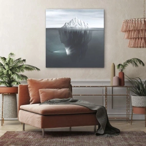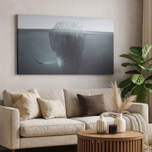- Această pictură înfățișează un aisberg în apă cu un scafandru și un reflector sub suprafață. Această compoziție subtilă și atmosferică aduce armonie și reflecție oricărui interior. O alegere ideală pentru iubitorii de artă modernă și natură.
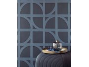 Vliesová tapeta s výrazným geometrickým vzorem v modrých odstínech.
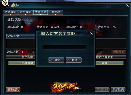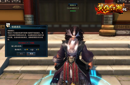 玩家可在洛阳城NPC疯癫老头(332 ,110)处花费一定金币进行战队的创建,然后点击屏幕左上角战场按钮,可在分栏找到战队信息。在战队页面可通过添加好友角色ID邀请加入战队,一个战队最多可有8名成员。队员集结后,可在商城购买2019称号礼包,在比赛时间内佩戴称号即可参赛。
* * *
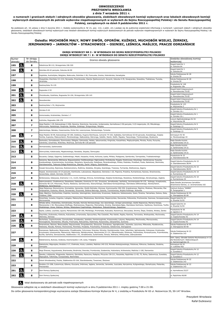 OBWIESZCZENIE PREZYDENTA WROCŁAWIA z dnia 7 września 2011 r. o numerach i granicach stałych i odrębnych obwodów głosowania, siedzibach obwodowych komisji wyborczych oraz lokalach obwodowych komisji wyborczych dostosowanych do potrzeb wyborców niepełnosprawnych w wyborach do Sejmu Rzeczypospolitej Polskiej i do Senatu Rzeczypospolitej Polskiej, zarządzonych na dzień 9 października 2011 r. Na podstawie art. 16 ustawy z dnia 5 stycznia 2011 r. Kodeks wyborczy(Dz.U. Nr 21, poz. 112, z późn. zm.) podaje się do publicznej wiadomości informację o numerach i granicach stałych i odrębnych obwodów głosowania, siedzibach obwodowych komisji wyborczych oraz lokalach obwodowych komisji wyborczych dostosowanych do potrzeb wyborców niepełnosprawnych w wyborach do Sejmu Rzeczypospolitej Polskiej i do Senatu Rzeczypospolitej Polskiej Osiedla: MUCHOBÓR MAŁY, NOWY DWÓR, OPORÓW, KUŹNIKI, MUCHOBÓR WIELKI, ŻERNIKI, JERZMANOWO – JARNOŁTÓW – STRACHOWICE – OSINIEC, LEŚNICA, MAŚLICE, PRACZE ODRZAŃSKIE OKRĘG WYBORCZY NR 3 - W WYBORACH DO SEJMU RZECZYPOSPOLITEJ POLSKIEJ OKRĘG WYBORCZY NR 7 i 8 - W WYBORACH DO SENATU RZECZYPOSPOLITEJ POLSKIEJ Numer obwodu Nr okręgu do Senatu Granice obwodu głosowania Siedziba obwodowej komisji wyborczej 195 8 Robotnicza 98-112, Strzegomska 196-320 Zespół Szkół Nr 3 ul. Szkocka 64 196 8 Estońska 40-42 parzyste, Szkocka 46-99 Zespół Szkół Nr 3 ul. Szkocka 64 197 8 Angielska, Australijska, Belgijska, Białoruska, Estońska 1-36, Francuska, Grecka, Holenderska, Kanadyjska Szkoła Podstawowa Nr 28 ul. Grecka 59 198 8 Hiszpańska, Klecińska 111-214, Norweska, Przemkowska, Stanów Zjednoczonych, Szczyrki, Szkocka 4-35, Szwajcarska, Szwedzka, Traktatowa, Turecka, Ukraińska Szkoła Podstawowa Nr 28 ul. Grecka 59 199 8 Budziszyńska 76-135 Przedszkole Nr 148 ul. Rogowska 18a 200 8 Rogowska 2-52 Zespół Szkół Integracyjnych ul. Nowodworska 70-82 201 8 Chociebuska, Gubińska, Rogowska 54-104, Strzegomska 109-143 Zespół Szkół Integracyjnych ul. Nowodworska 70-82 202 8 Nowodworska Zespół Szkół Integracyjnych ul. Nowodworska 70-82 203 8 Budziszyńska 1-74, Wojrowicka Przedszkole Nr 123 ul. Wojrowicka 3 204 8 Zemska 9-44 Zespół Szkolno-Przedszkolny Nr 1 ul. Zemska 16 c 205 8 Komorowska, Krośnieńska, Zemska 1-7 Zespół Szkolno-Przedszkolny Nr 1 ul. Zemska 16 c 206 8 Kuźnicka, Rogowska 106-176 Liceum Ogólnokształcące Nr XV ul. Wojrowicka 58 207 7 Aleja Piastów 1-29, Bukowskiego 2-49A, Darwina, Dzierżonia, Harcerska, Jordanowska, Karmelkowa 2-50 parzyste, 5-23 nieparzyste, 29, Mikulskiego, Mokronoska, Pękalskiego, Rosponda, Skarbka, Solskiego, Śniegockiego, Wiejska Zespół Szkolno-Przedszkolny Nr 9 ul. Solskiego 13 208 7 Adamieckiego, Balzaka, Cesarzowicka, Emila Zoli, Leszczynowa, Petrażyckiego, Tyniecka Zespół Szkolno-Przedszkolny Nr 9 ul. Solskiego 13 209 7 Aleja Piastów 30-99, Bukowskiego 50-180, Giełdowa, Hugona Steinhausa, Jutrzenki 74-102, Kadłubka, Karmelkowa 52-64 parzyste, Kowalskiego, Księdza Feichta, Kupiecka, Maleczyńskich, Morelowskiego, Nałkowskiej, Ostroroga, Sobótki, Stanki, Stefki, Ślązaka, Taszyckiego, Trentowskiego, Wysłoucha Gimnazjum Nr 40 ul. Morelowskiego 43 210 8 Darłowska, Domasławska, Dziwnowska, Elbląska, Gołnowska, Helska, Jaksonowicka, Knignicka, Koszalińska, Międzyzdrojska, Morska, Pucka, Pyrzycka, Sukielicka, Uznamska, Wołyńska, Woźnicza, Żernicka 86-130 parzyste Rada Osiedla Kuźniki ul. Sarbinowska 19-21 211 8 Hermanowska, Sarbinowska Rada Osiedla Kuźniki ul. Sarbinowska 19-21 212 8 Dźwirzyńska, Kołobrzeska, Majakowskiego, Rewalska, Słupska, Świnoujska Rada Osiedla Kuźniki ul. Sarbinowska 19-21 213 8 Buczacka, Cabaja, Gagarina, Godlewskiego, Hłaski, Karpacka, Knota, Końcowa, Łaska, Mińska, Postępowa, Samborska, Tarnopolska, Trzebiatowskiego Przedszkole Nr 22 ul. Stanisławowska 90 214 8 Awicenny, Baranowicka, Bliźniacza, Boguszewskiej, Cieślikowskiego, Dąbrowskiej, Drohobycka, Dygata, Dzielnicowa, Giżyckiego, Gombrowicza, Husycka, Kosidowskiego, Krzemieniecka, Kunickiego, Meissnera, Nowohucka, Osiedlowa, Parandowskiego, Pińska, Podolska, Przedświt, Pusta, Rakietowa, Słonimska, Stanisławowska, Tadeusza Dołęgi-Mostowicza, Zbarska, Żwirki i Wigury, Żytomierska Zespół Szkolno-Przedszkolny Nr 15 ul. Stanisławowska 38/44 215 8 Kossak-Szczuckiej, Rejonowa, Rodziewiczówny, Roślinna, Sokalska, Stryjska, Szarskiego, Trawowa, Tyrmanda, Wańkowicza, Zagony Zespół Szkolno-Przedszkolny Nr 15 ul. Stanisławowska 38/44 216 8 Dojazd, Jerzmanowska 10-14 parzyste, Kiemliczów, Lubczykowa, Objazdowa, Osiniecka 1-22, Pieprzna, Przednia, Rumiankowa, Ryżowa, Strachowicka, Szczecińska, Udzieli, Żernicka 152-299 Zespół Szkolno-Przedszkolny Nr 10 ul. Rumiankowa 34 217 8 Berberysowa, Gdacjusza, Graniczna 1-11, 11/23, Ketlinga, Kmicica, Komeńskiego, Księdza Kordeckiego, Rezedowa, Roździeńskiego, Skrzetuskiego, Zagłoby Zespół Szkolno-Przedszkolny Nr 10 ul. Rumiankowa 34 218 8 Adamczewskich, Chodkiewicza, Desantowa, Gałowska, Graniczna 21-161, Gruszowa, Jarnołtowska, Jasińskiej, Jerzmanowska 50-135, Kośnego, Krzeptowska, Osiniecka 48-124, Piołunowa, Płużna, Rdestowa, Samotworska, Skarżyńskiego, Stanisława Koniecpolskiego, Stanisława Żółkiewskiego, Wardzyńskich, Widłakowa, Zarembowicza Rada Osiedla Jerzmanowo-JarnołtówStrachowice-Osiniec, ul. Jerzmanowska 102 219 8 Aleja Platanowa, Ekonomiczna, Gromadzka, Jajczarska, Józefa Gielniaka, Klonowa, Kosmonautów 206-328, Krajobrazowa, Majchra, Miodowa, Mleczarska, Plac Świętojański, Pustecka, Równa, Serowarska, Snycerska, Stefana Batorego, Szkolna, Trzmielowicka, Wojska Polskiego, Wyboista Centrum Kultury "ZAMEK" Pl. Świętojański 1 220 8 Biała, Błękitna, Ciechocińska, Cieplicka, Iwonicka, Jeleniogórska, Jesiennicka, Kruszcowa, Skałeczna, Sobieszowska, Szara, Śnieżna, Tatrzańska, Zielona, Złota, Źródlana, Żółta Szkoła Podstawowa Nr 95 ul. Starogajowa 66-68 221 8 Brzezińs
* * *
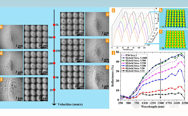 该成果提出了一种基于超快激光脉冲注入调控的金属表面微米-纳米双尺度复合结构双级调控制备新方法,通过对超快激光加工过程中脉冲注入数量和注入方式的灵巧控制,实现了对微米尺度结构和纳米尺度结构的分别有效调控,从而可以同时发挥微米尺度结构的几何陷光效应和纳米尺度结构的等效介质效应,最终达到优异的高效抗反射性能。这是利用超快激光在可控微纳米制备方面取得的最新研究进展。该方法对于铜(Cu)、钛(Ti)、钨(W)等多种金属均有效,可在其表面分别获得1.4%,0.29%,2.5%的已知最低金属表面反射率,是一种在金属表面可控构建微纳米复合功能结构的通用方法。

What you should do: Output exactly the stretch of the listing that begins at the line containing "- Această pictură" and ends at the line containing "玩家可在洛阳城NPC疯癫老头", both kept. Omit pictures and everything else.

Result of this task:
- Această pictură înfățișează un aisberg în apă cu un scafandru și un reflector sub suprafață. Această compoziție subtilă și atmosferică aduce armonie și reflecție oricărui interior. O alegere ideală pentru iubitorii de artă modernă și natură.
 Vliesová tapeta s výrazným geometrickým vzorem v modrých odstínech.
 玩家可在洛阳城NPC疯癫老头(332 ,110)处花费一定金币进行战队的创建,然后点击屏幕左上角战场按钮,可在分栏找到战队信息。在战队页面可通过添加好友角色ID邀请加入战队,一个战队最多可有8名成员。队员集结后,可在商城购买2019称号礼包,在比赛时间内佩戴称号即可参赛。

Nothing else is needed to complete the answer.